Every line of the listing below is to be duplicated exactly, with the pictures left out.

##### INFORMATION SUPPLIED

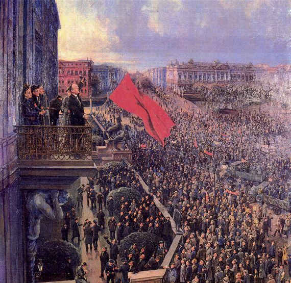 Am gleichen Tag rief am anderen Ende der Lindenstraße Karl Liebknecht die Räterepublik am Stadtschloss aus. 1954 hat ein DDR Maler das eindrucksvoller dargestellt als es war.
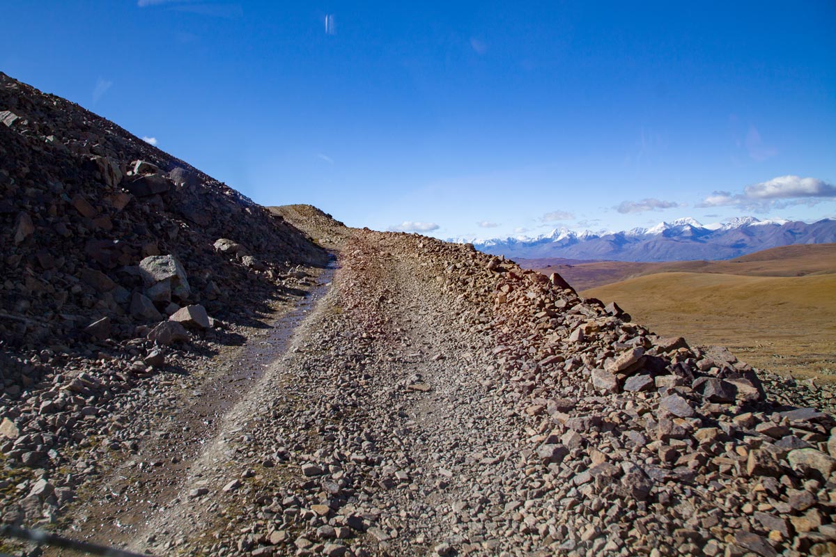 В 9 выезжаем из Кош-Агача. Проходим погранзаставу, двигаемся в сторону Укока, недоезжая до Джумалинских ключей, сворачиваем на старую дорогу. Проходим перевал Теплый ключ или Калгутинский, отсюда открываются виды на Южно-Чуйский,
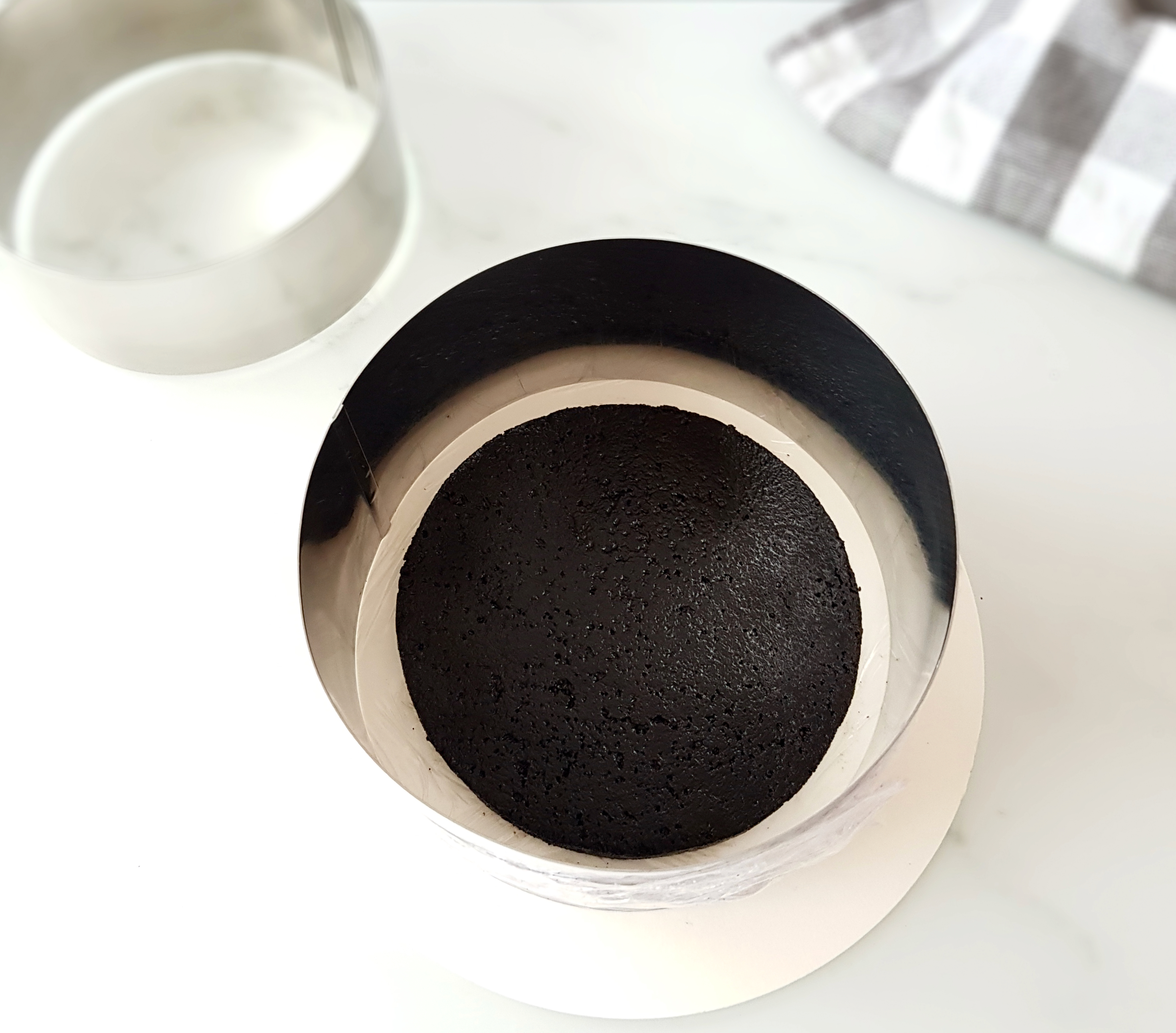 Antes de nada, comentaros que la razón de utilizar dos aros de distintos tamaños es porque a la hora de cubrirla con el glaseado va a quedar más uniforme y os cuento: la base tiene distinta textura que el relleno, es como más rugosa, por tanto interesa que quede integrada en la tarta y no al mismo nivel ya que como os decía las imperfecciones no se cubren con el glaseado. Por ello, utilizaremos el aro grande para hacer la base y una vez haya enfriado y endurecido la cortamos con el aro pequeño. Si es posible, previamente a hacer la base, pondremos dentro del aro una tira de acetato ya que ésta nos ayudará a desmoldar y quedará impecable.

##########

# [ANSWER AREA]
 Am gleichen Tag rief am anderen Ende der Lindenstraße Karl Liebknecht die Räterepublik am Stadtschloss aus. 1954 hat ein DDR Maler das eindrucksvoller dargestellt als es war.
 В 9 выезжаем из Кош-Агача. Проходим погранзаставу, двигаемся в сторону Укока, недоезжая до Джумалинских ключей, сворачиваем на старую дорогу. Проходим перевал Теплый ключ или Калгутинский, отсюда открываются виды на Южно-Чуйский,
 Antes de nada, comentaros que la razón de utilizar dos aros de distintos tamaños es porque a la hora de cubrirla con el glaseado va a quedar más uniforme y os cuento: la base tiene distinta textura que el relleno, es como más rugosa, por tanto interesa que quede integrada en la tarta y no al mismo nivel ya que como os decía las imperfecciones no se cubren con el glaseado. Por ello, utilizaremos el aro grande para hacer la base y una vez haya enfriado y endurecido la cortamos con el aro pequeño. Si es posible, previamente a hacer la base, pondremos dentro del aro una tira de acetato ya que ésta nos ayudará a desmoldar y quedará impecable.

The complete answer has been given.